**WORK TO BE COMPLETED:**
From the entries that follow, report every line in which "wrapped" occurs.
──────────────────────────────
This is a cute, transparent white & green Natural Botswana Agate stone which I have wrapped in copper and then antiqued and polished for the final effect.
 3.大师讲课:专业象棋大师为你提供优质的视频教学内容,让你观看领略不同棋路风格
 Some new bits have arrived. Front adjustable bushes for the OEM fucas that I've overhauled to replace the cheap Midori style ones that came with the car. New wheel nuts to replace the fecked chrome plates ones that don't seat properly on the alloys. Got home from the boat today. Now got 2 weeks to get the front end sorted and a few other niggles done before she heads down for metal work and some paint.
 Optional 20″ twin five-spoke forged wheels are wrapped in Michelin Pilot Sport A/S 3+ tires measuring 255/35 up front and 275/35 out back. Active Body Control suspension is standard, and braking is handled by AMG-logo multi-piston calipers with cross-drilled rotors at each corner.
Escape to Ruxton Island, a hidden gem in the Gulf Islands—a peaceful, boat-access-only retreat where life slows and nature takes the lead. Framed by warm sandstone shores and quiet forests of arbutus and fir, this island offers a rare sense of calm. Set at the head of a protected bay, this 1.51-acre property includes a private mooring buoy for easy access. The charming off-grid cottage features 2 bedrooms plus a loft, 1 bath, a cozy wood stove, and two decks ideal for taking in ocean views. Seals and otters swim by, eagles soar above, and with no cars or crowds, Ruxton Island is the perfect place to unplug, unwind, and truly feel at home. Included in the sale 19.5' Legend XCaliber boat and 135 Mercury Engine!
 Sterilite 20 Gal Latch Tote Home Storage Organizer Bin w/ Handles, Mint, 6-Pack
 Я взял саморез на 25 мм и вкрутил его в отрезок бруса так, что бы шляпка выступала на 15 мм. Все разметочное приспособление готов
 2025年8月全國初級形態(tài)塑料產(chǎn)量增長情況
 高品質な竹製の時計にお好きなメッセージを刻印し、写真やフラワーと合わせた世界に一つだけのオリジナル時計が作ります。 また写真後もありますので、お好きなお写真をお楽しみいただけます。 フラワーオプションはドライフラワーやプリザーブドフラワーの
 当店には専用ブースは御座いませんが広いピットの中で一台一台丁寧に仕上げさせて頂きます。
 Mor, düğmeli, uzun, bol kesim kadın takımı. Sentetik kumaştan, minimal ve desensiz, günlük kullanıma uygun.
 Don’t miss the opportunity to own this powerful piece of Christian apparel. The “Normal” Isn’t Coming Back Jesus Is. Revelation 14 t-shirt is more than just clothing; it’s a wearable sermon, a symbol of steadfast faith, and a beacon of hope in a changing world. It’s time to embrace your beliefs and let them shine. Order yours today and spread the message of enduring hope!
──────────────────────────────
**TASK RESULT:**
This is a cute, transparent white & green Natural Botswana Agate stone which I have wrapped in copper and then antiqued and polished for the final effect.
 Optional 20″ twin five-spoke forged wheels are wrapped in Michelin Pilot Sport A/S 3+ tires measuring 255/35 up front and 275/35 out back. Active Body Control suspension is standard, and braking is handled by AMG-logo multi-piston calipers with cross-drilled rotors at each corner.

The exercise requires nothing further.